Beef prices offer an interesting example. They are expected to rise by 9.4% in 2026. Add to this rising inflation, reduced disposable income, and expensive restaurant food, and restaurants will face a whole new challenge.
According to a McKinsey & Company report on the industry, more than half of the spending on food and beverages in the USA is away from home. This is positive, but could change as prices rise. Breakfast habits already point to this shift as people stop spending in the earlier part of the day, according to the report:
The sharpest shift, however, is happening at breakfast, once the hottest growth area for restaurant operators. In both FSRs and LSRs, breakfast-spending growth now lags behind all other dayparts. When consumers feel their budgets are pinched, they tend to cut back on breakfast spending, since it is often seen as a more discretionary dining category.
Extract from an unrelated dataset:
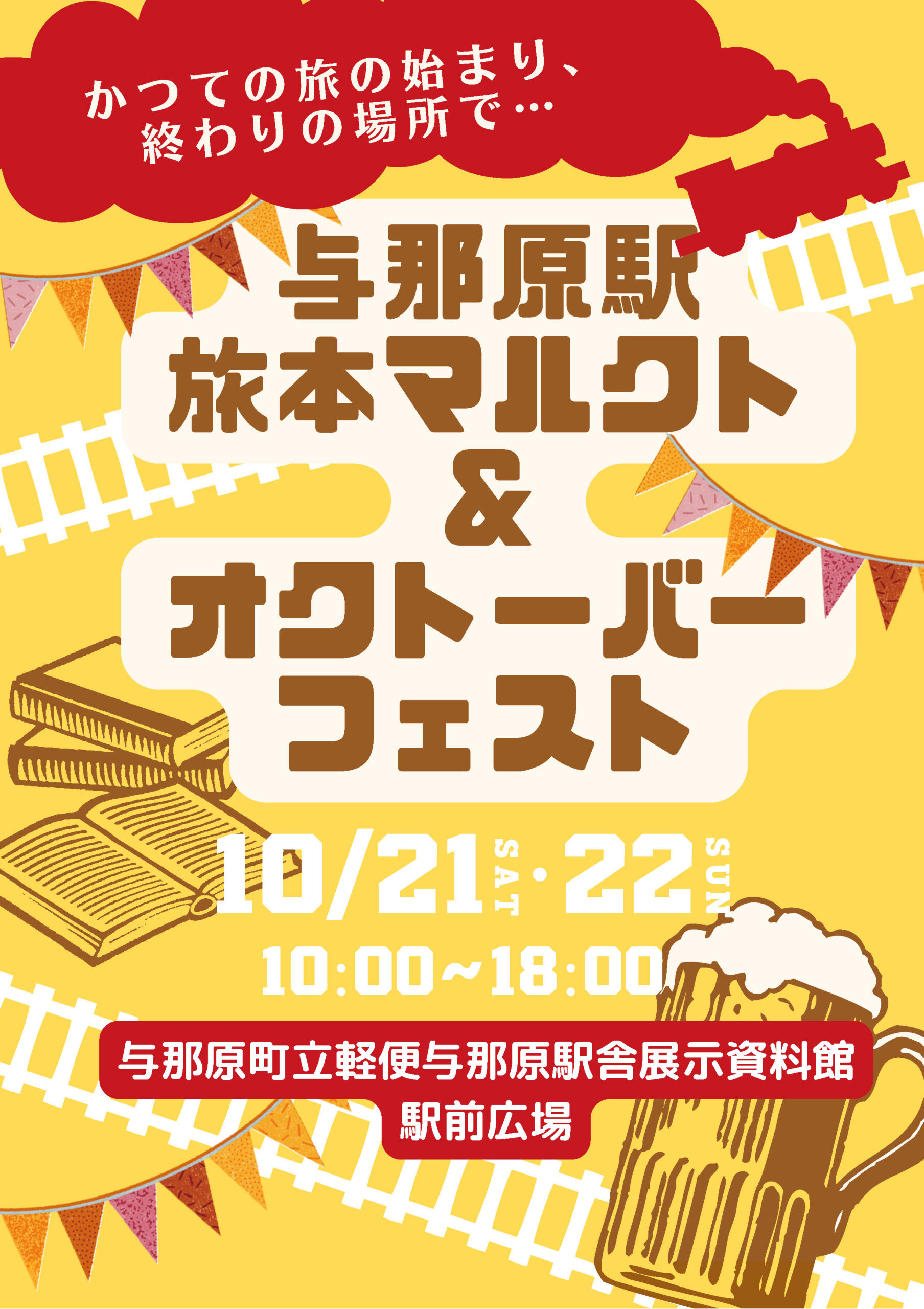 かつて沖縄県鉄道与那原線の終点だった与那原駅。旅の始まり/終わりとなる駅舎で、旅や乗り物をテーマにした古本市を開催します(出店/波止場書房)。また、1914年(大正3)の県鉄開通式でビアホールの出店があったことや機関車がドイツ製だったことにちなみ、駅前広場でクラフトビールが飲めるオクトーバーフェストも同時開催します。

Even in this uncertain environment, some restaurants are expected to grow their topline. We decided to create a list of the best restaurant stocks to buy for growth in 2026.
Our Methodology
To come up with our list of 7 best restaurant stocks to buy for growth in 2026, we only considered stocks in the restaurant industry with a market cap of at least $2 billion. We then looked at their expected revenue growth rate for 2026 and filtered out companies with growth rates of at least 10%. We limited our final selection to companies that have recently reported noteworthy developments likely to impact investor sentiment. These stocks are also popular among analysts and elite hedge funds and are listed in ascending order of the number of hedge funds holding them in their portfolios.
Why are we interested in the stocks that hedge funds pile into? The reason is simple: our research has shown that we can outperform the market by imitating the top stock picks of the best hedge funds. Our quarterly newsletter’s strategy selects 14 small-cap and large-cap stocks every quarter and has returned 498.7% since May 2014, beating its benchmark by 303 percentage points (see more details here).
Note: All share price data in the article is as per market close on March 23.
7. CAVA Group, Inc. (NYSE:CAVA)
On March 16, JP Morgan’s John Ivankoe maintained his Buy rating on the CAVA Group, Inc. (NYSE:CAVA) stock, along with a price target of $80. This is below the stock’s current market price. Sara Senatore of the Bank of America Securities has a higher price target of $95, which she reiterated on March 11. This also happens to be the highest price target on Wall Street, offering 13% upside from here.
These updates come after the company’s Q4 2025 results announced on February 24. Despite pressure on margins, which will likely worsen given higher oil prices and resulting inflation, management is planning 74 to 76 new restaurant openings in 2026. While the management does not plan any price increases in its menu, this was said before oil prices took off at the end of February.
Apart from the new markets being targeted, the company also announced the addition of its first-ever seafood offering: Pomegranate-glazed Salmon. The item is expected to be available in restaurants by the end of Q1 2026. The new item is also expected to put pressure on the company’s margins in the short term.
CAVA Group, Inc. (NYSE:CAVA) is an operator and owner of a chain of restaurants under the CAVA brand across the United States. The company also offers spreads, dips, and dressings through grocery stores, as well as online and mobile ordering platforms.